Veröffentlicht am 1. Dezember 2018

Dipl.-Kaufmann Sven Hansmeier als Ehrengast bei der Inbetriebnahme der neuen Produktionsanlage für die neue Wärmepumpe recoCOMPACT bei Vaillant in Remscheid. (Foto: FIBAV / Michalzik)

Auf dem Weg in eine saubere(re) Zukunft: Der Klimaschutzplan der Bundesregierung sieht vor, dass ab 2030 keine Öl- und Gasheizungen mehr installiert werden dürfen. Fossile Brennstoffe sollen als Heizmaterial keine Rolle mehr im Hausund Wohnungsbau spielen. Sven Hansmeier, geschäftsführender Gesellschafter der FIBAV Unternehmensgruppe mit Sitz in Königslutter bei Braunschweig, rät deshalb: „Wer in naher Zukunft plant, sich ein Haus zu bauen, sollte sich jetzt schon unbedingt intensiv mit dem Thema befassen. Denn angesichts der vorgesehen Lebensdauer von Heizungsanlagen, ist mit Blick auf 2030 jetzt schon bedeutend, für welches System man sich entscheidet.“

Die FIBAV, eines der größten Hausbauunternehmen Norddeutschlands, erstellt jedes Jahr 500 Immobilien. Da kommt eine Menge Expertise zusammen auf den derzeit mehr als 360 Baustellen – im Dialog mit Subunternehmern und vor allem natürlich beim Austausch mit den Kunden. Seit mehreren Jahren geht der Trend bei den von der FIBAV angebotenen Häusern ganz klar in Richtung Wärmepumpe: „Die Systeme sind mittlerweile ausgereift und halten auch deutschen Frostnächten bis minus 20 Grad problemlos stand“, so Michael Michalzik, Pressesprecher der FIBAV Unternehmensgruppe. Fast alle Kunden würden sich für die Klimatisierung ihres Hauses mittels Wärmepumpe entscheiden.

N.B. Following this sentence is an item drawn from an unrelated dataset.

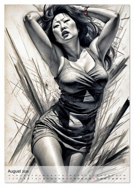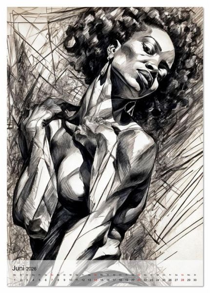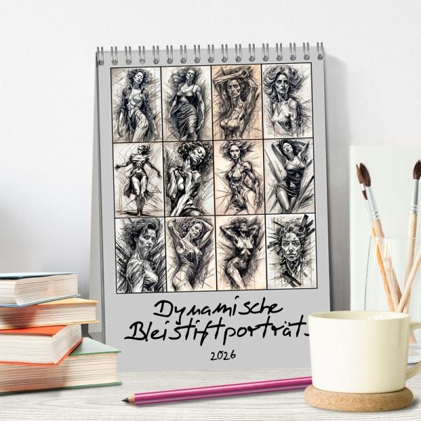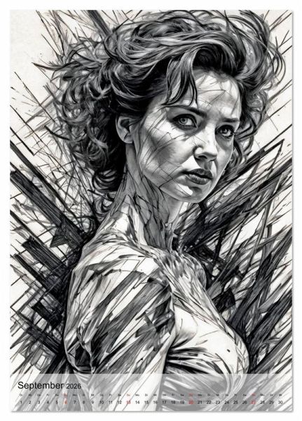 Mit Unterstützung von künstlicher Intelligenz ist dieser Kalender entstanden, der weibliche Figuren meist in dynamischen Posen in Bleistiftstudien darstellt. Das kann sowohl die Körperbewegung betreffen, als auch eine innere, emotionale Bewegung. Die Dynamik ist zusätzlich hervorgehoben durch eine sehr kraftvolle, fast wilde Strichführung, die sich nicht auf die Begrenzungen der Figur beschränkt. Diese Art, Bewegung und Dynamik im Bild darzustellen, erinnert vielfach an Arbeiten italienischer Futuristen, vor allem an Bilder von Umberto Bocchioni, auch wenn Motive und Technik andere sind.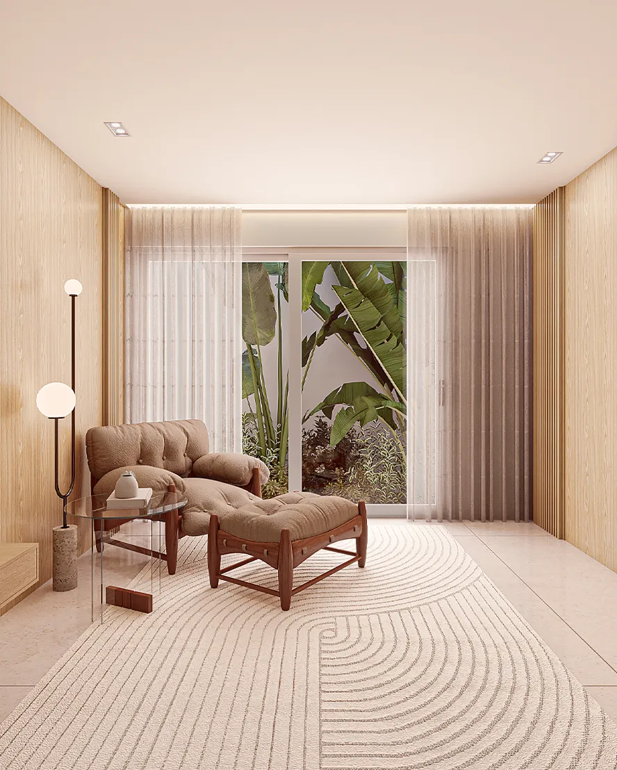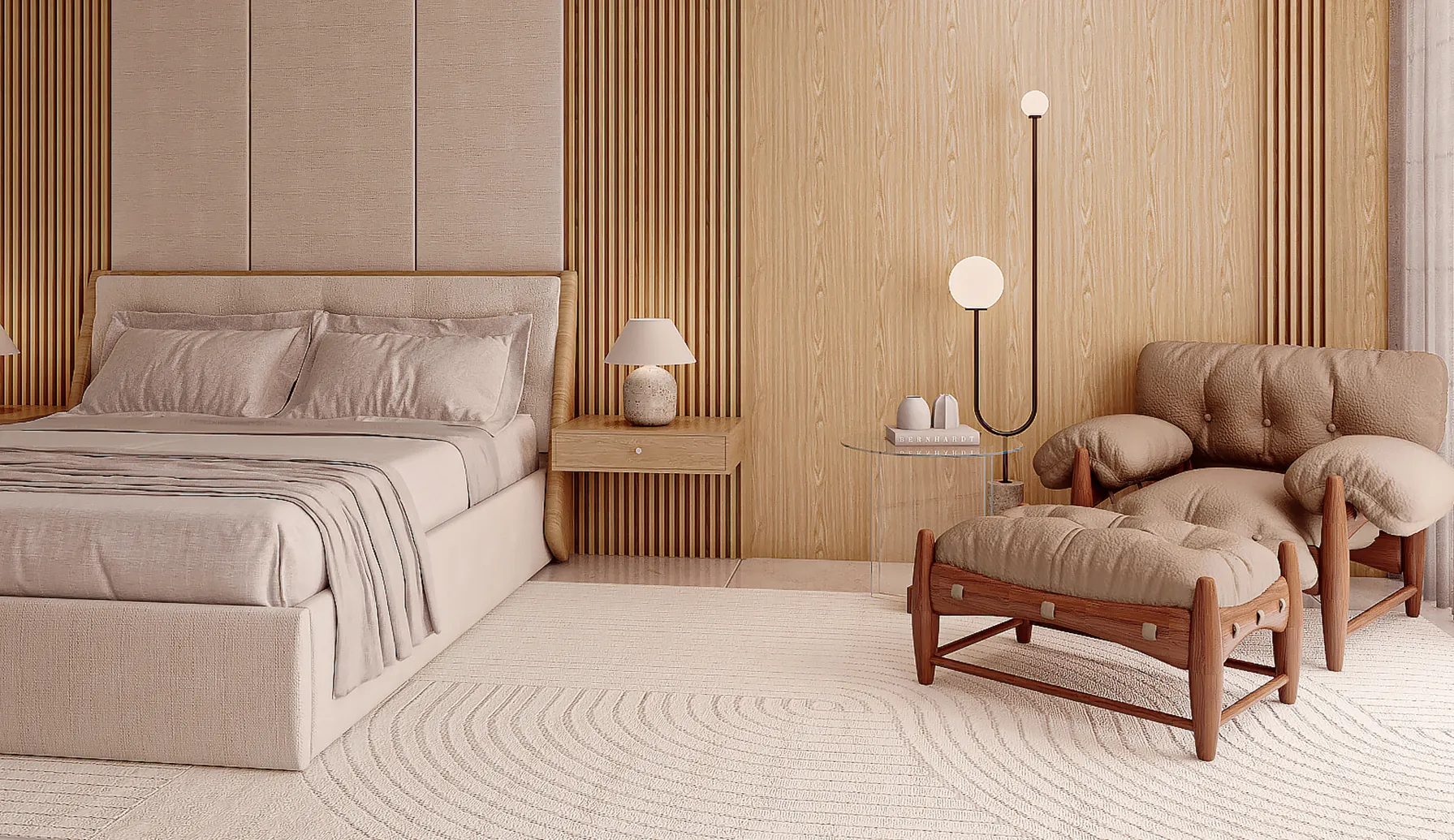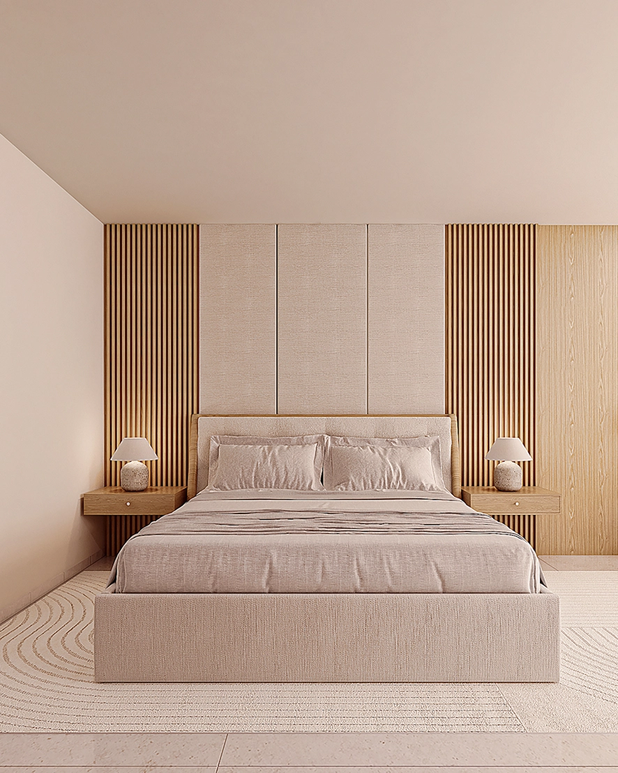 O resultado é um quarto que não é apenas lugar de dormir, é um refúgio para relaxar, ler, partilhar momentos a dois ou simplesmente parar e respirar. Um espaço que reflete cuidado, harmonia e respeita o ciclo circadiano.

Die Gründe liegen auf der Hand: Dem höheren Anschaffungspreis, steht eine erhebliche Ersparnis bei den laufenden Kosten gegenüber. Moderne Wärmepumpen haben einen enormen Wirkungsgrad – ca. 75 Prozent der Heizenergie beziehen sie aus der Umgebungsluft. Für den Betrieb der eigentlichen Pumpe müssen lediglich noch die restlichen 25 Prozent als elektrischer Strom beigesteuert werden. Wer sich für die Kombination mit einer Photovoltaikanlage entscheidet, spart noch mehr. Ein nicht unwesentlicher Aspekt ist der Klimaschutz: Öl und Gas bleiben außen vor, der Einsatz fossiler Brennstoffe wird auf ein Minimum gesenkt und fällt nur dort an, wo der erforderliche Strom produziert wird. Das Prinzip ist im Grunde simpel und funktioniert wie bei einem Kühlschrank – nur umgekehrt: Die Wärmepumpe entzieht der Umgebungsluft Wärme – auch an sehr kalten Tagen. Diese Wärmeenergie wird zu Heizenergie aufbereitet. Sollte es einmal extrem kalt sein, ist zur Sicherheit noch ein Heizstab eingebaut.

(Foto: FIBAV / Michalzik)

Dr.-Ing. Norbert Schiedeck (Vaillant Group CEO), Sven Hansmeier (Geschäftsführer der FIBAV Unternehmensgruppe), Dr. Tillmann von Schroeter (Geschäftsführer Vaillant Deutschland) und Lutz Forßmann (Werksleiter Remscheid) bei der Inbetriebnahme der neuen Vaillant-Produktionsanlage für die Wärmepumpe recoCompact. (Foto: FIBAV / Michalzik)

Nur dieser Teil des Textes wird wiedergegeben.